American actress, singer and model

Madisyn Shipman (born November 20, 2002) is an American actress, singer and model. She is known for playing Kenzie Bell in the Nickelodeon sitcom Game Shakers.

==Early life==
Shipman was born in Kings Mountain, North Carolina. She is the eldest of four children, and her parents are Jen and Tracey Shipman. Shipman began writing songs and playing guitar when she was eight.

==Career==
When Shipman was five, she began working with a talent agency that helped her land three different roles on Saturday Night Live, as well as roles on Sesame Street and on stage.

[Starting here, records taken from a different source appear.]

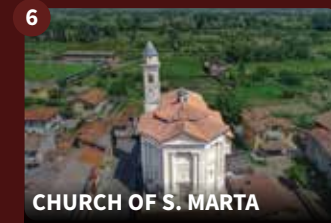
CHURCH OF S. MARTA

On the top of one of the highest hills north of Gattinara, at 540 metres above sea level, are the ruins of the Castle of S. Lorenzo, built in 1187 by the Municipality of Vercelli to guard the Valsesia entry valleys and gradually abandoned between the 16th and 17th centuries. It is one of the best-known vantage points in the city.
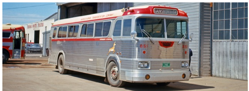
STC #851, a 1964 Western Flyer Canuck 500 seen in Regina, Saskatchewan.
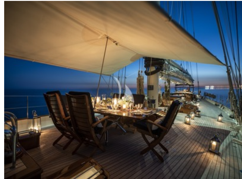
Nightfall on the foredeck
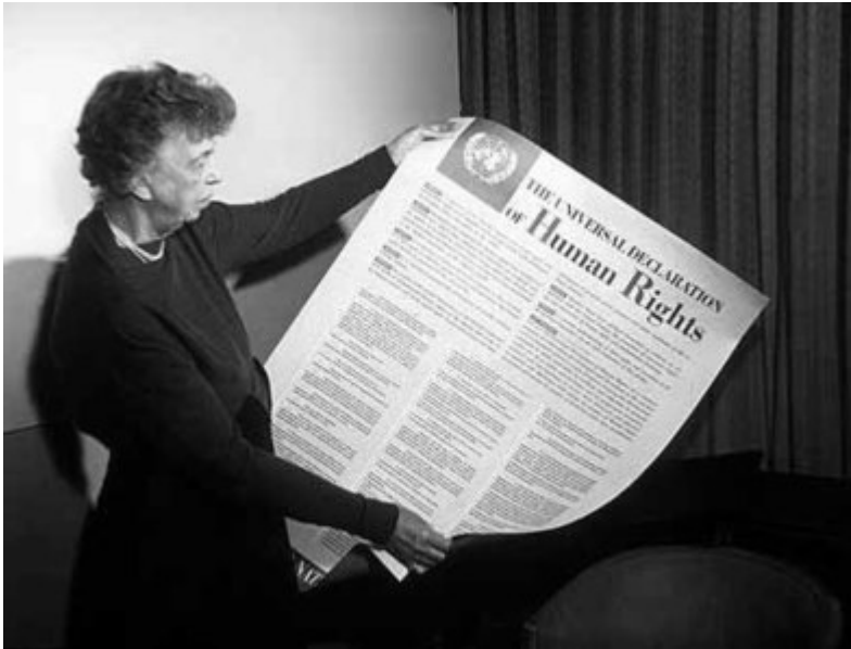
Pictured above: Eleanor Roosevelt, holding the Universal Declaration of Human Rights.
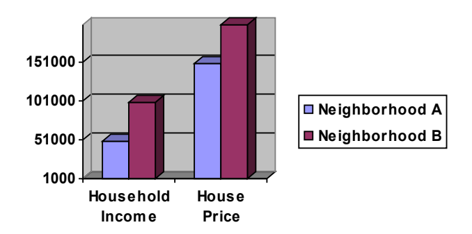
Graph 3: Average Household Income and Median House Price in Thousands of Dollars.

To look for evidence that health outcomes cluster with socioeconomic and racial status of the neighborhood, ask students to also graph demographic data from the US Census, such as household income and race.
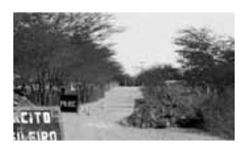
Security zones guarded by the military (2007)
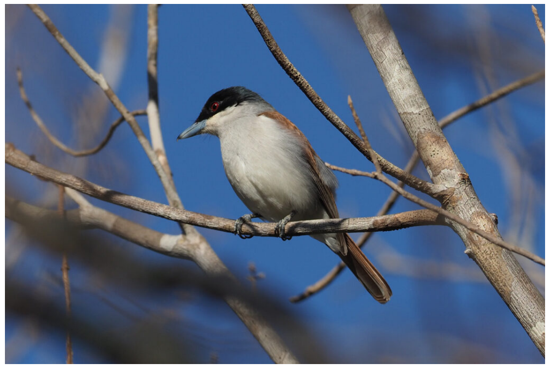
The endemic Rufous Vanga is a not very active inhabitant of primary forest; this is a female
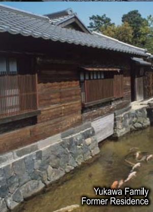
Yukawa Family Former Residence
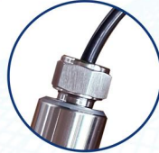
防水出线 Waterproof Cable Outlet
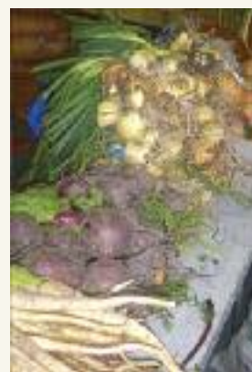
Selection of new season onions, beetroot, parsnips and turnips at Kanturk Farmers Market.

The primary aim of the market is to support local farmers and artisan producers by ensuring they have a direct outlet in which to sell their produce. The increase in demand to purchase high quality locally produced foods has led to the expansion of stalls at the Farmers Market. This year the Market was awarded a Voluntary Code of Good Practice in conjunction with the Department of Agriculture, Fisheries and Food and Bord Bia. IRD Duhallow's market is located at the rear of Twohig's Supervalu in Kanturk and is open from 10.30am -2.30pm every Thursday and Saturday.
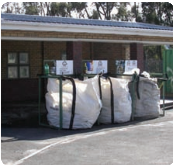
PETCO/CCT drop off initiative

Another initiative, the "blue bag" project in Stellenbosch, has been successfully running since 2004. Nearly 1,500 households separate tin, glass and newspaper which are placed in blue bags supplied by Stellenbosch Municipality. These bags are then collected by local buy back centres. Public private partnerships are important for the success of recycling initiatives. An example of an effective public private partnership is the arrangement between the City of Cape Town and PETCO, who have sponsored bags for the collection of PET, HDPE and LDPE for recycling in the CCT.
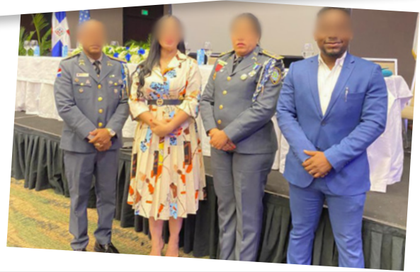
Destiny Rescue Dominican Republic agents work alongside the Dominican Republic National Police
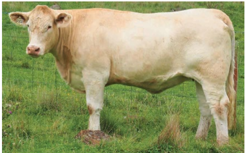
Led female that would be competitive at any show in 2023/24.

COMMENTS: Absolute outstanding Red Factor females like R102 never get sold, except in a dispersal such as this sale! Growth, fine coated, great bone, carcass and strong maternal traits, bred to breed stud sires! Dam has been a great producer, from another of Glenlea's oldest cow families with one of the lead young cows and calves at lot 18 a full sister to R102E. Sire is a growth trait leader in the breed with nearly 100 registered progeny and this heifer and Lot 18 are two of his best daughters. DNA PV verified to mating
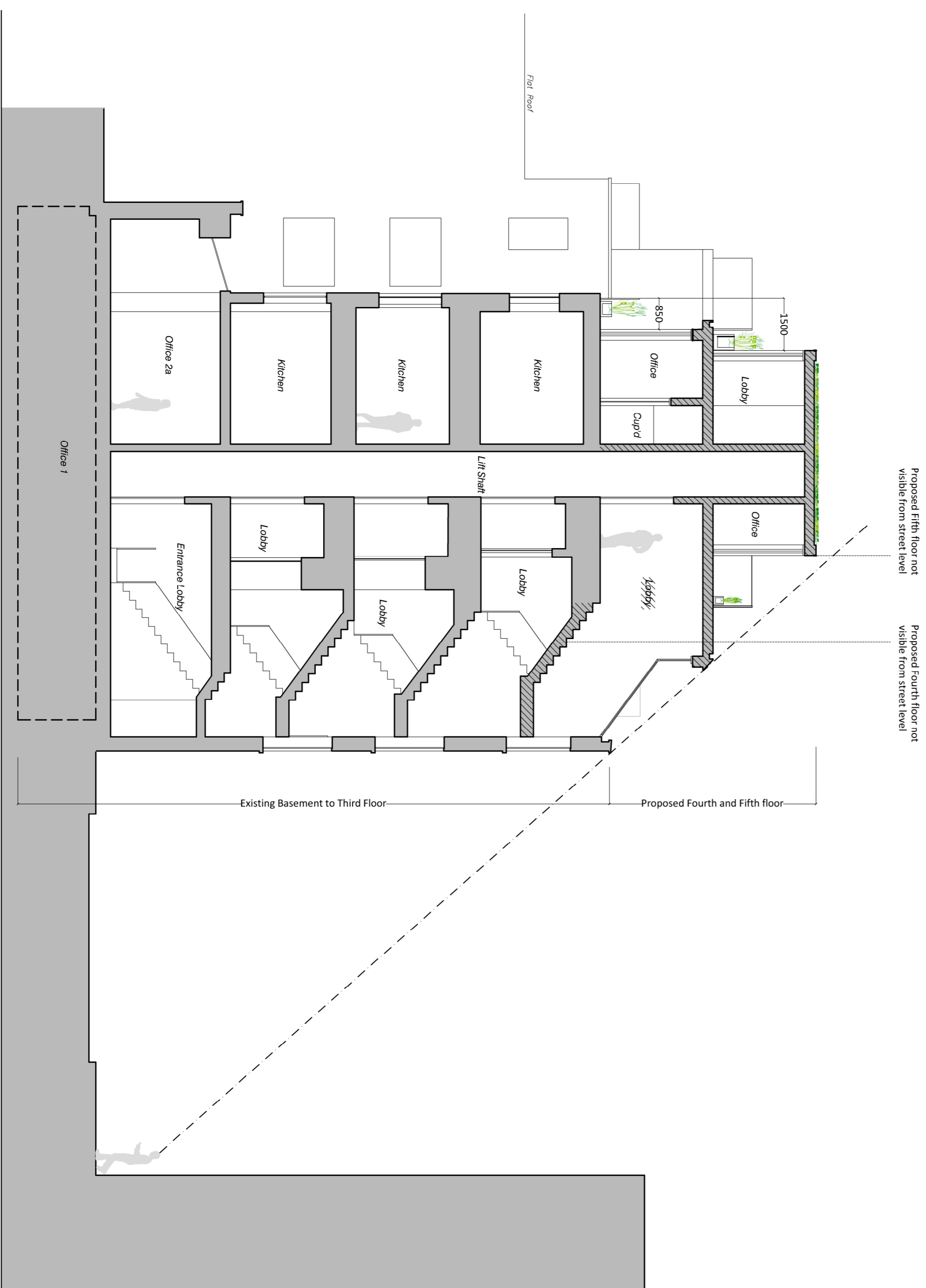
PROPOSED SECTION A-A
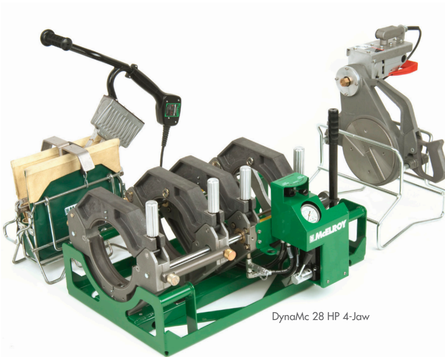
DynaMc 28 HP 4-Jaw

Fusion Capability for 2" IPS to 8" DIPS (63mm - 225mm)
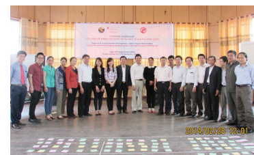
Group photo taken during 'LED Compass Workshops' in Vietnam
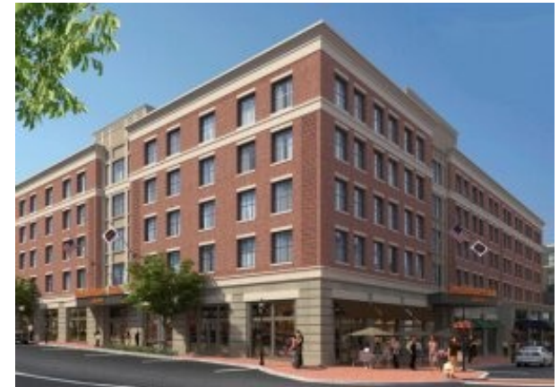
Portsmouth Harbor Events & Conference Center

Relative to this theme, the NH Section is partnering with the Boston and Maine Sections to sponsor an Industry Day event. This is a one day meeting designed to foster collaboration between industry and the IEEE. It is tentatively scheduled for September 23rd and I'm pleased to announce that it will be held in the new Portsmouth Harbor Events & Conference Center . This facility is centrally located and attractive for both business and possible social activities. The NH venue provides our members a unique opportunity to develop beneficial relationships at both a professional and corporate level. Details will be available as the planning solidifies.
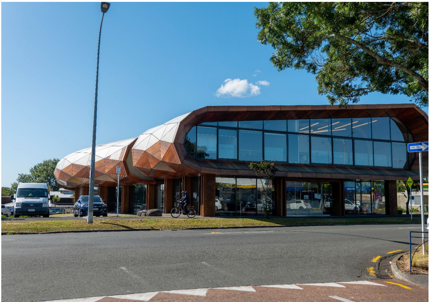
Te Oro music and arts centre, Glen Innes
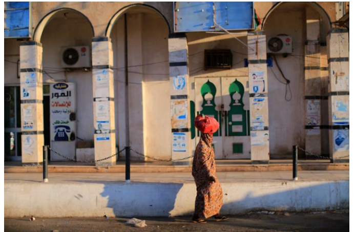
Women carrying a bag in her head in Tripoli.
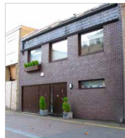
5 Boyne Terrace Mews
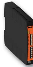
Emergency stop module UF 6925
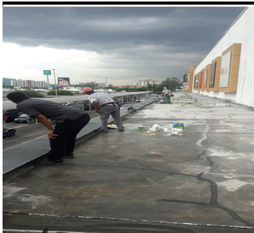
Photo 1 Wip View
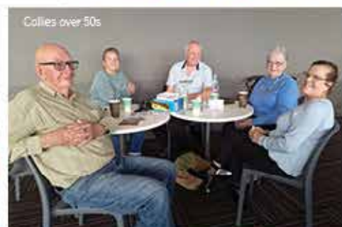
Colliers over 50s
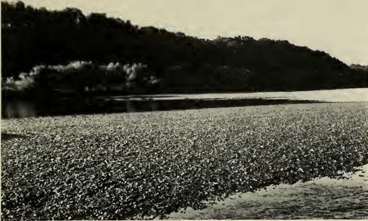
FIG. 2. Photograph of the type-locality, Little Tennessee River at Coytee Spring, River Mile 7, Loudon County, Tennessee, as seen during minimum flow looking downstream from the gravel island which is slightly upstream from the spring outflow.

caudal peduncle and lower caudal fin base. Similar tubercles that are not borne by scales occur on the cheeks and breast, and over the interoperculum, rami of the lower jaw, and lachrymal (anterior infraorbital). Cteni on scales along the anal fin base are elongate in tuberculate males.
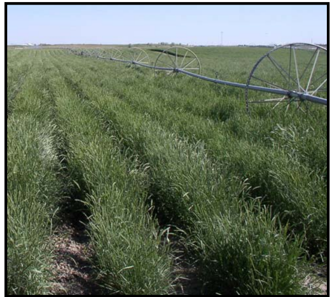
Seed Production Field of 'Vavilov II' Siberian Wheatgrass

Aberdeen PMC is pleased to announce the release of 'Vavilov II' Siberian wheatgrass. Vavilov II is a joint release with the ARS Forage and Range Laboratory, the US Army and Utah State University. Vavilov II expands the genetic base of 'Vavilov' and has better seedling establishment, vigor and forage yields. Its drought tolerance, fibrous root system, and excellent seedling vigor make Vavilov II ideal for reclamation in areas receiving 8 inches or more annual precipitation. It is intended for use on arid and semi-arid rangelands in the Intermountain West, Great Basin and Northern Great Plains. Foundation seed is available through the University of Idaho Foundation Seed Program and Utah Crop Improvement Association.
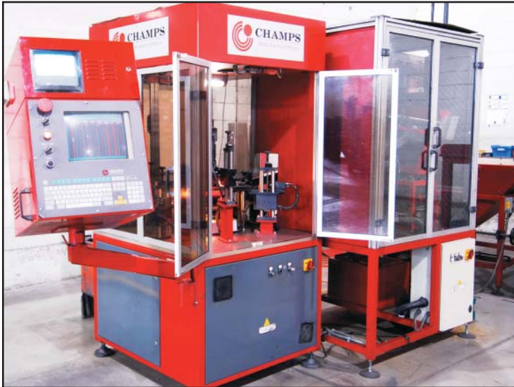
CHAMPS SLZ 350-84 automatic part sorting/inspection machine
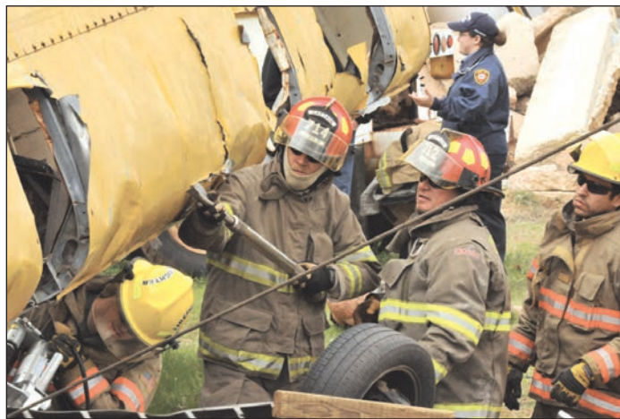
Firemen from all over the state work together to improve advanced vehicle extraction skills. Firemen cut open a school bus with hydraulic tools to extract patients in a school bus wreck simulation.
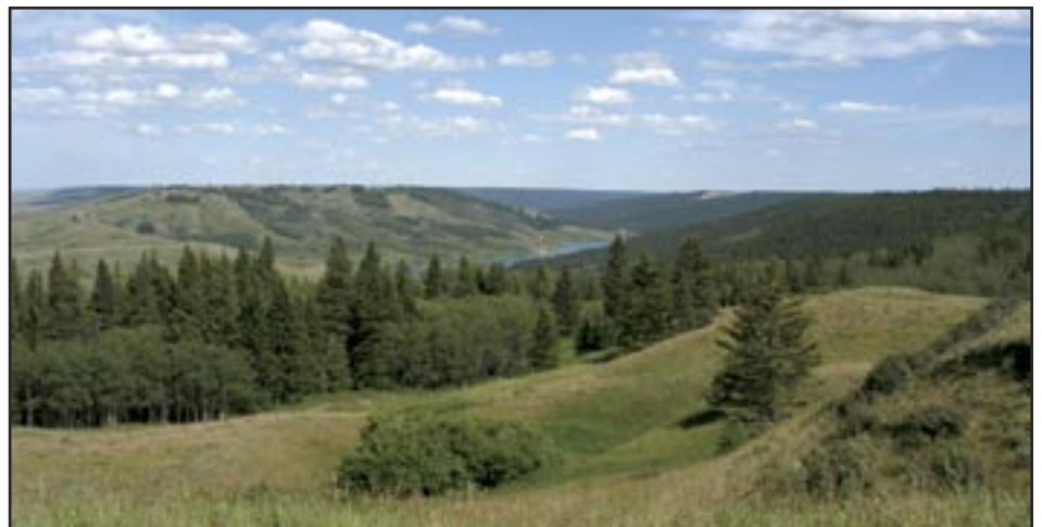
Cypress Hills Inter-Provincial Park exists as an island of protected natural environment within a sea of agricultural land use. The park is managed for protection of its native biodiversity, while surrounding lands are managed for agricultural productivity. These diverse management purposes result in problems such as elk depredation outside of the park. The Cypress Hills Elk Management Planning process was initiated to address the issue of elk depredation on agricultural lands outside of the park.
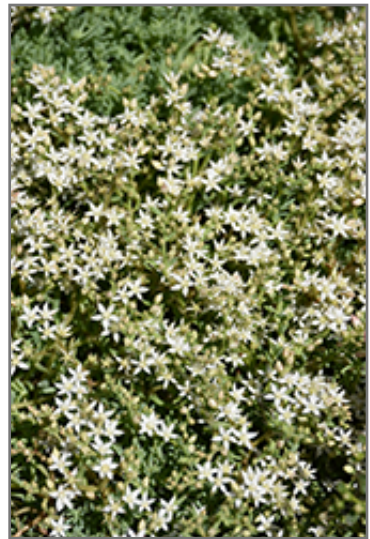
Dwarf Spanish Stonecrop flowers
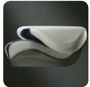
Folds Flat for a Cleaner Look
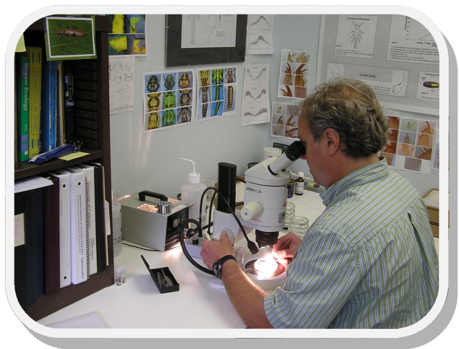
Bioassessment Monitoring, State Water Board

For more information: http://www.waterboards.ca.gov/sanfranciscobay/board_decisions/adopted_orders/2015/R2-2015-0020.pdf
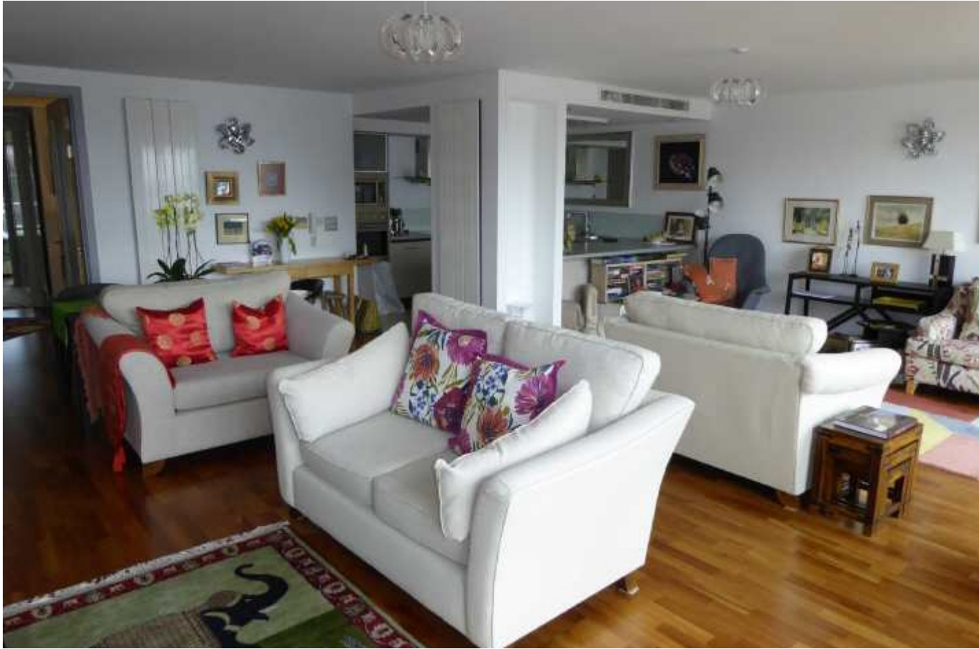
6 Leftbank, Manchester M3 3AE Price £575,000
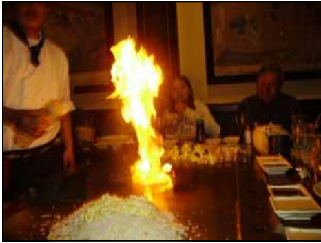
Our Chief shows off his style!
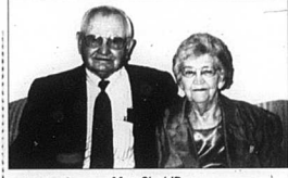
Mug Shot ID
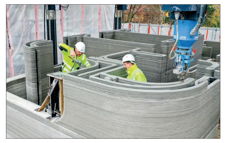
Construction workers stand in the scaffolded construction site of a house, where several layers of concrete have already been applied by a 3D printer, and the next printing stage is already underway, in Beckum, western Germany, on 26 November 2020.

In the first quarter of 2022, Germany's economy barely grew by 0.2 per cent quarter-on-quarter, according to the Federal Statistical Office (Destatis). GDP
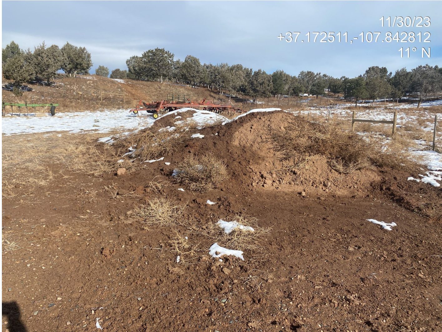
Photo 2. Pile of soil observed in the northern portion of the disturbance. This is considered debris and needs to be removed.

She appeared in the play Enron on Broadway in 2010.

In 2015, she was cast in the lead role as Kenzie Bell, a girl who is one of the co-founders of the titular game company, in the Nickelodeon television series Game Shakers which is produced by Dan Schneider.

She started her music career in 2021 and has since released nine singles.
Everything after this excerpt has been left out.